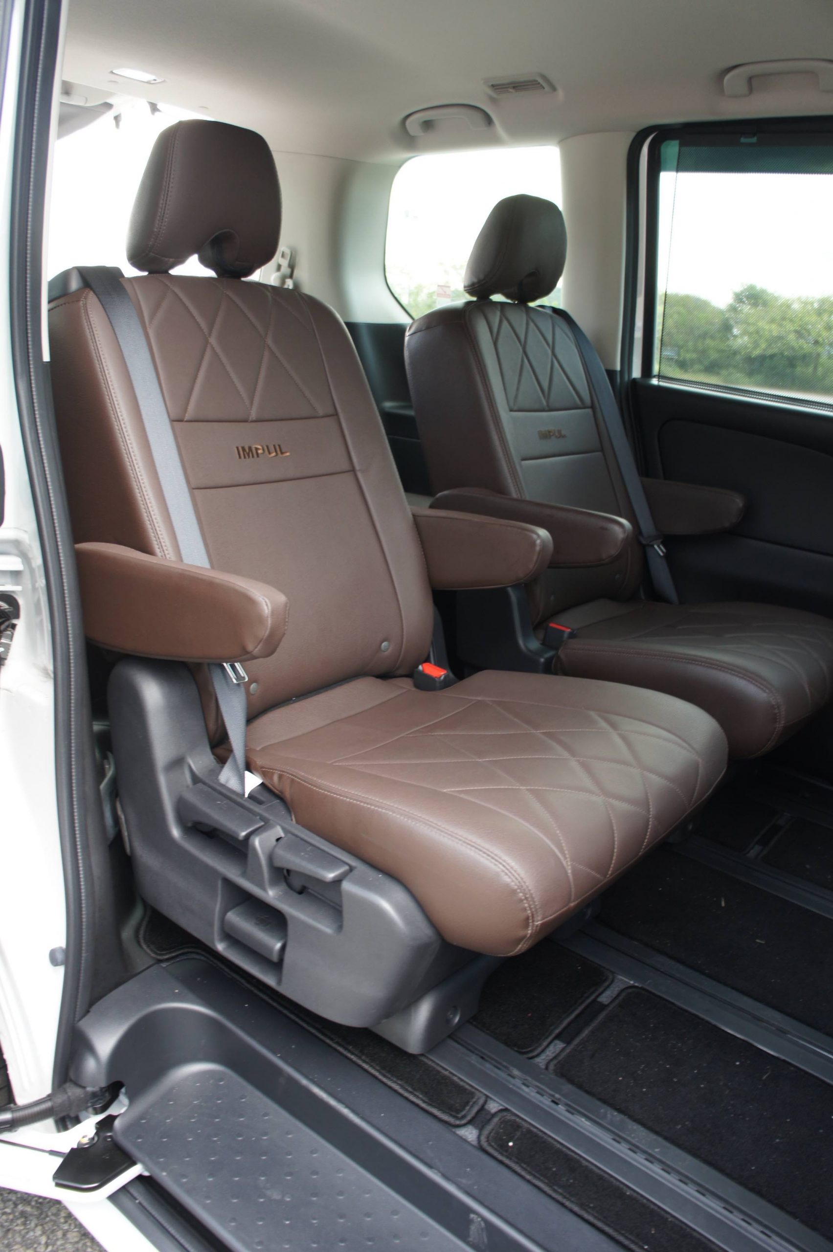 进入车厢,首先尽入眼帘的先是全套摩卡色钻石绗缝豪华皮革座椅,细致的造工以及缝上「IMPUL」字眼,进一步体现了日本豪华的风采。
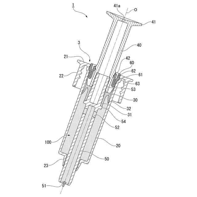 (3)前記容器本体は、前記計量部材を着脱可能に装着する装着筒を備え、前記装着筒は、前記注出筒の下端部が係合する第1筒部と、前記第1筒部の上端に連設され、前記シリンダの周壁を収容する第2筒部と、前記装着筒を貫通し、前記装着筒の内側を前記容器本体の内側に連通させる連通流路と、を備えてもよい。
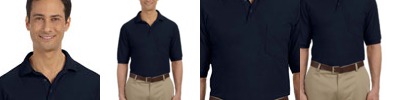 6.3 oz./yd2 / 215 gsm, 100% combed cotton pique with EZ Cool wicking technology; no-pill, no-fade, no-shrink, no-curl collar, no-wrinkle performance; Active fit; Three-button placket;
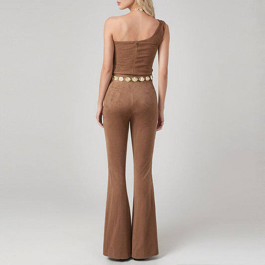 Suede rhinestone waistband one shoulder women fashion jumpsuit
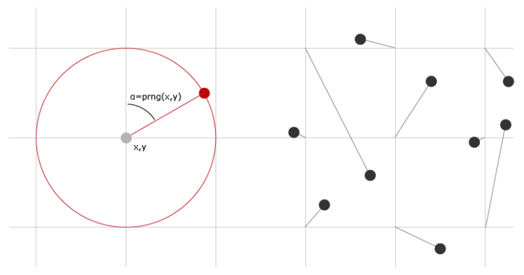 Instead of an actual prng I used Perlin noise, which makes the movement possible (and takes multiple arguments). If you need static particle scattering it will be faster to use a regular prng. But you’ll have to turn the x and y values into a single seed without mirroring the field diagonally (for instance: x+1E6*y).
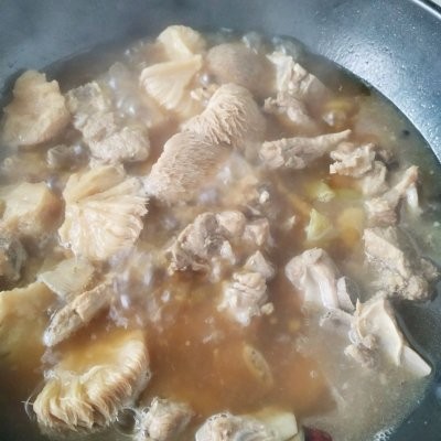 7、放入提前泡好的猴头菇,继续小火炖15分钟,放入盐调味
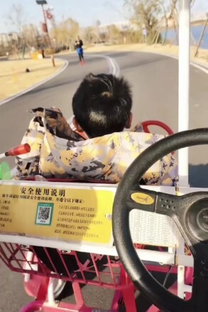 有孩童用指腹試探刻度,
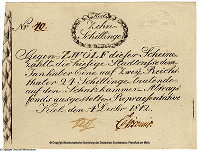 Stadtkasse Kiel issues. Issue of 1812 banknotes, in shillings.
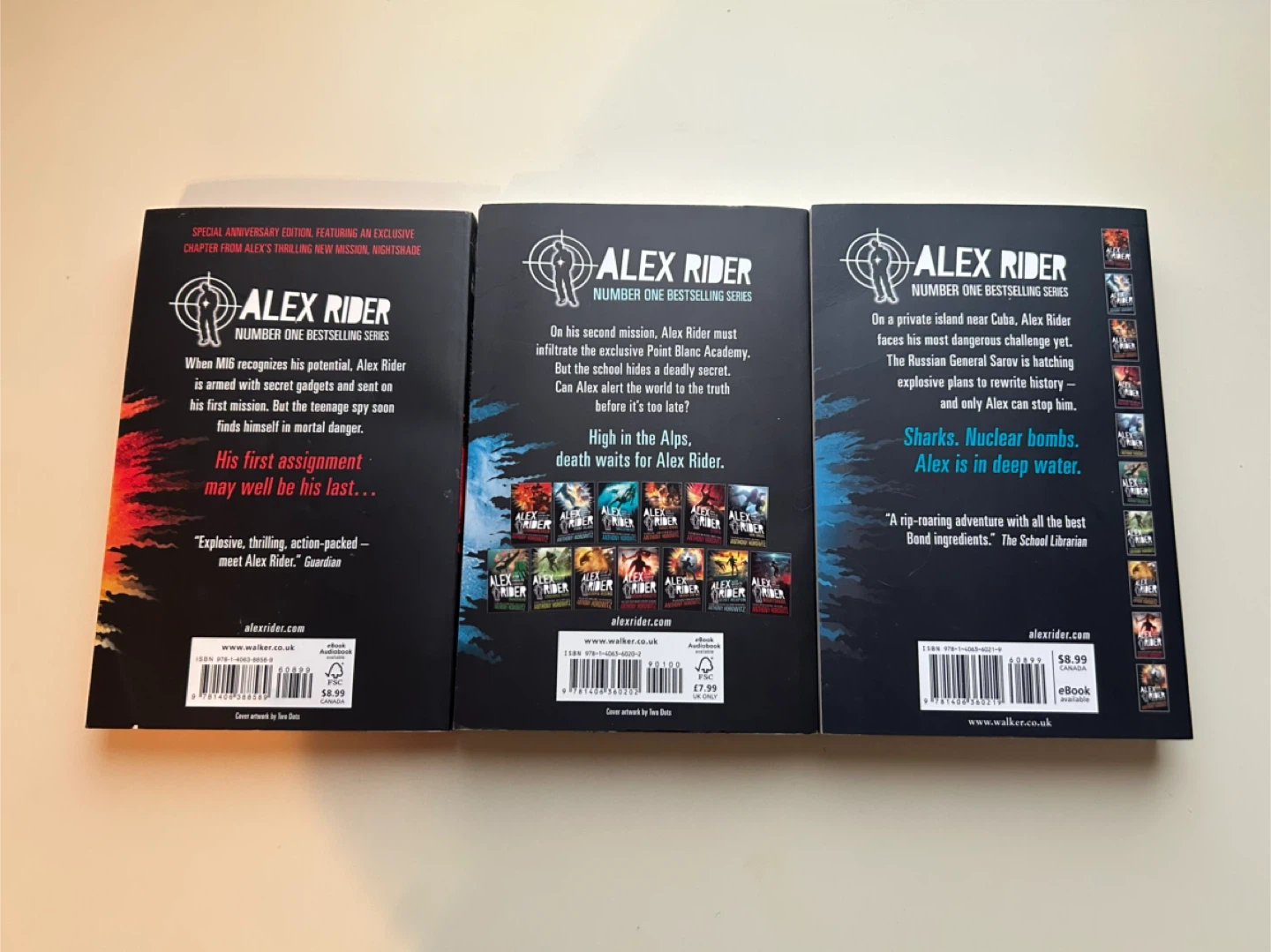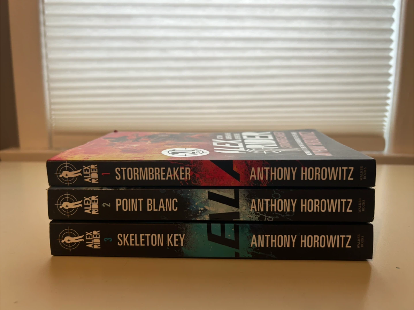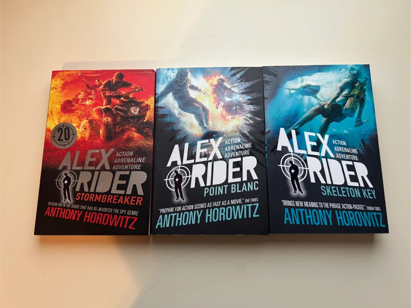 Selling the first three books from the Alex Rider series by Anthony Horowitz: Stormbreaker, Point Blanc, and Skeleton Key. They are action-adventure books. Perfect for a thrilling read!
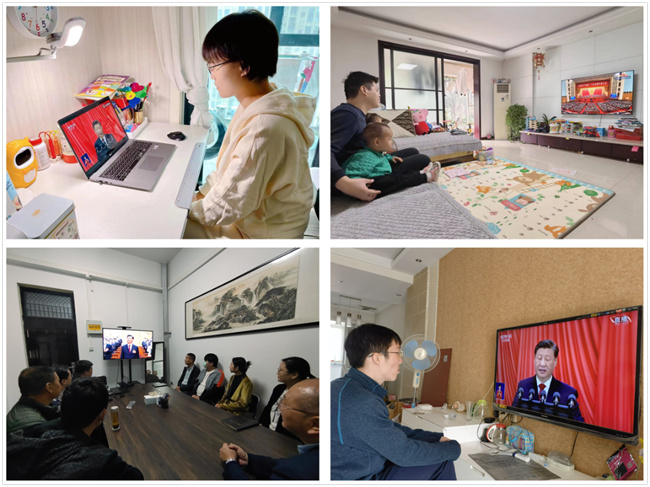 受疫情形勢(shì)影響,堅(jiān)守在校園抗疫一線的院領(lǐng)導(dǎo)在厚德樓418會(huì)議室集中觀看大會(huì)直播。
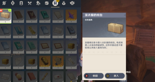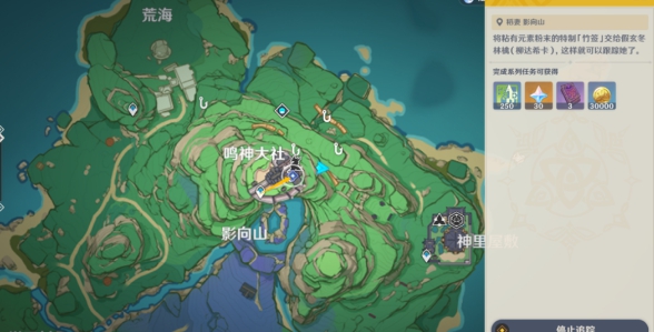 打开任务界面,可以看到任务已经触发了,显示着:将粘有元素粉末的特制竹签交给玄冬林擒(柳达希卡),这样就可以跟踪她了。
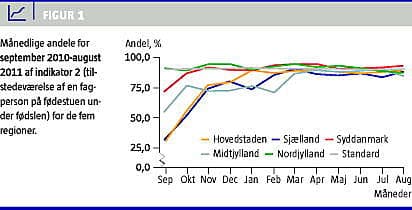 Resultaterne fra første årsrapport viser, at der specielt for indikatorer med nye registreringer var klinisk betydningsfulde forskelle mellem regionerne og mellem afdelingerne. Det er for tidligt at vurdere, om disse forskelle skyldes reelle kliniske forskelle eller opstartsfasen med nye registreringer. For de samme indikatorer gælder også, at resultaterne de fleste steder var langt fra de vedtagne standarder. Figur 1 viser resultatet for den indikator, der omhandler tilstedeværelse af en fagperson på fødestuen under fødslen.
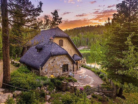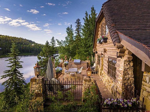 Welcome to this iconic lakefront home in Durango, Colorado located down a secluded winding road through the aspen and pine trees of the San Juan Forest, perched on the edge of Columbine Lake and only one mile to Purgatory resort. This exceptional property presents a captivating transformation of the original log cabin into a breathtaking French country cottage, seamlessly blending rustic charm with elegant sophistication. Nestled amidst the awe-inspiring mountain landscape, this 2,228 sq ft home offers unparalleled views of the serene lake from nearly every room. Adorned with authentic French antique fixtures and iron work, artisan stone and tile, and a leaded glass Dutch front door handmade by Durango craftsman Doug Christie. The custom French tile roof, where each tile was carefully sourced and imported from France, including the installer, adds an authentic touch of European elegance. The exterior boasts intricate stonework and detailing, iron railings crafted by Durango artist Kelly Hurford, and custom wood windows further accentuating the timeless beauty of this home. This distinctive home is warm and inviting, yet roomy enough to feel luxurious. With two bedrooms offering lake views, as well as a spacious loft that comfortably fits three twin beds, there is ample room to accommodate guests and create cherished memories. The guest bathroom is a true masterpiece, featuring a hammered copper tub where you can unwind and soak away the cares of the day while admiring the craftsmanship of the custom vanity and decor. The upholstered ceiling in the primary suite adds a touch of opulence and softness to the room, while the stone flooring, laid in a herringbone pattern, creates a timeless and sophisticated ambiance. A cozy alcove is thoughtfully designed for the bed and strategically positioned to provide stunning views of the lake through oversized windows. The custom stone shower welcomes you into the thoughtfully designed primary bathroom. French-styled vanities exude elegance, while beautiful built-in storage ensures ample space for all your essentials. Custom wall paintings add a touch of artistic flair, elevating the ambiance and further enhancing the serene and calming atmosphere of this space. Completing the primary suite is a large walk-in closet with ample built-in shelving to accommodate your wardrobe needs and organize your belongings with ease. Enjoy cozy evenings with in-floor radiant heat or the captivating stone fireplace in the spacious and open living room with vaulted ceilings and the beauty of the wood from the original cabin surrounding you. The open floor plan seamlessly connects the living and dining room, allowing for effortless flow and a sense of togetherness. As you move through the space, your attention will be drawn to the gourmet kitchen, a culinary masterpiece that exudes both style and functionality. Custom stone flooring sets the foundation, while intricate tile details at every corner add a touch of artistry and sophistication. The custom vent hood is a stunning focal point that commands attention and is expertly accentuated by the custom cabinetry. The large windows create the perfect space to cook, entertain, or simply enjoy your morning coffee. Step outside onto the patio and immerse yourself in the tranquility of the lake while enjoying the abundant wildlife including Canadian geese, moose, and hummingbirds. The patio features a built-in Dacor gas grill, allowing you to savor delightful al fresco dining experiences while relishing the stunning backdrop of the lake and surrounding landscape. Stroll through the gardens and enjoy countless perennials conveniently watered with a drip system connected to a cistern. One of the most remarkable features of this property is the direct and private access to the water with over 350 feet of waterfront property. Imagine mornings spent on the shore, paddling out in your kayak or paddle board.
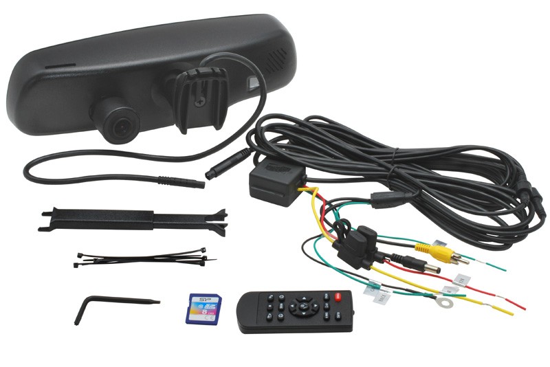 Kamera je umístěná v přední části zpětného zrcátka tak, aby monitorovala situaci před vozidlem. Záznam obrazu a zvuku z této kamery je nahráván na SD kartu umístěnou ve slotu v horní části zpětného zrcátka. Záznam je nahráván ve smyčce po jednotlivých blocích současně s informací o datu a času pořízení. Zařízení umožňuje zobrazení zpětné parkovací kamery po zařazení zpátečky. Tato kamera není součástí balení.

*WHAT IS REQUIRED:* Starting at the first line of the records above, set down each line exactly through the one that holds "6.3 oz./yd2 /". Omit pictures.

*RESPONSE TO THE TASK:*
 进入车厢,首先尽入眼帘的先是全套摩卡色钻石绗缝豪华皮革座椅,细致的造工以及缝上「IMPUL」字眼,进一步体现了日本豪华的风采。
 (3)前記容器本体は、前記計量部材を着脱可能に装着する装着筒を備え、前記装着筒は、前記注出筒の下端部が係合する第1筒部と、前記第1筒部の上端に連設され、前記シリンダの周壁を収容する第2筒部と、前記装着筒を貫通し、前記装着筒の内側を前記容器本体の内側に連通させる連通流路と、を備えてもよい。
 6.3 oz./yd2 / 215 gsm, 100% combed cotton pique with EZ Cool wicking technology; no-pill, no-fade, no-shrink, no-curl collar, no-wrinkle performance; Active fit; Three-button placket;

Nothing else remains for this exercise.